Published online Apr 16, 2014. doi: 10.12998/wjcc.v2.i4.111
Revised: March 2, 2014
Accepted: March 13, 2014
Published online: April 16, 2014
Processing time: 185 Days and 0.1 Hours
Reactive nodular fibrous pseudotumor (RNFP), which presents abdominal clinical manifestations and malignant radiographic results, usually requires radical resection as the treatment. However, RNFP has been recently described as an extremely rare benign post-inflammatory lesion of a reactive nature, which typically arises from the sub-serosal layer of the digestive tract or within the surrounding mesentery in association with local injury or inflammation. In addition, a postoperative diagnosis is necessary to differentiate it from the other reactive processes of the abdomen. Furthermore, RNFP shows a good prognosis without signs of recurrence or metastasis.

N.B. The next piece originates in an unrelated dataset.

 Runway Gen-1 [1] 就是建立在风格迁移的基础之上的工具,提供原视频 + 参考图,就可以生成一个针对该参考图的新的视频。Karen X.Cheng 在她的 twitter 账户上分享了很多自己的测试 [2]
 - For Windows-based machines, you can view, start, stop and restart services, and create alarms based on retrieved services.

A 16-year-old girl presented with a 3-mo history of epigastric discomfort, and auxiliary examinations suggested a malignant tumor originating from the stomach; postoperative pathology confirmed RNFP, and after a 2-year follow-up period, the patient did not display any signs of recurrence. This case highlights the importance of preoperative pathology for surgeons who may encounter similar cases.

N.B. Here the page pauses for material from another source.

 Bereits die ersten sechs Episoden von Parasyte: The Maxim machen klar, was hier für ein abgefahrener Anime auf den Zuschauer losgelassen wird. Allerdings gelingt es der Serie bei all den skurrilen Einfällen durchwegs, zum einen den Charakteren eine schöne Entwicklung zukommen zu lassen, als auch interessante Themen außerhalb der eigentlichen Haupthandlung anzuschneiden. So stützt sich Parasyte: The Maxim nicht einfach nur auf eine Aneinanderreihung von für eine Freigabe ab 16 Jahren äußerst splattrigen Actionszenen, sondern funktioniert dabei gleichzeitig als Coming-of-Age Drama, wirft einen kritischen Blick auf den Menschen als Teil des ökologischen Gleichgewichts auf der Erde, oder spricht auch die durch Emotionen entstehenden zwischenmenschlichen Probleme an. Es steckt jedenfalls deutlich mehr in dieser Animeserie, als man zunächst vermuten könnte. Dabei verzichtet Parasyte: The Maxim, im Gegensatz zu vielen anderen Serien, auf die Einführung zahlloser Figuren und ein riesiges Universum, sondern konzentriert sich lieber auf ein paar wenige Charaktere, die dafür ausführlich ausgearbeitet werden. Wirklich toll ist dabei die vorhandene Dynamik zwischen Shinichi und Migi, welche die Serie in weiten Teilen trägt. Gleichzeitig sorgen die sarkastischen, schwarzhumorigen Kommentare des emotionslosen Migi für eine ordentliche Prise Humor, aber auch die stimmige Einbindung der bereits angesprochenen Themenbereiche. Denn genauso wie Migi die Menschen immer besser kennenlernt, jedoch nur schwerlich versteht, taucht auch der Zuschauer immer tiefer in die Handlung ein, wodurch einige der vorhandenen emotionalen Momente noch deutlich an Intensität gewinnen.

Core tip: Our case report describes a rare benign tumor originating from the gastrointestinal tract. To date, this lesion has been reported in 20 cases worldwide. The most significant and important insights are that these diseases possess fairly good prognosis with opposite radiographic and clinical findings. Pathologically, reactive nodular fibrous pseudotumor (RNFP) was recently described arising from the sub-serosal layer or within the surrounding mesentery. However, the veracity of the pathological examination results and the etiology are still controversial. We will describe the complete diagnostic and therapeutic process of a young girl with RNFP and will retrospectively analyze the previously reported cases, particularly the microscopic and immunohistochemical characteristics.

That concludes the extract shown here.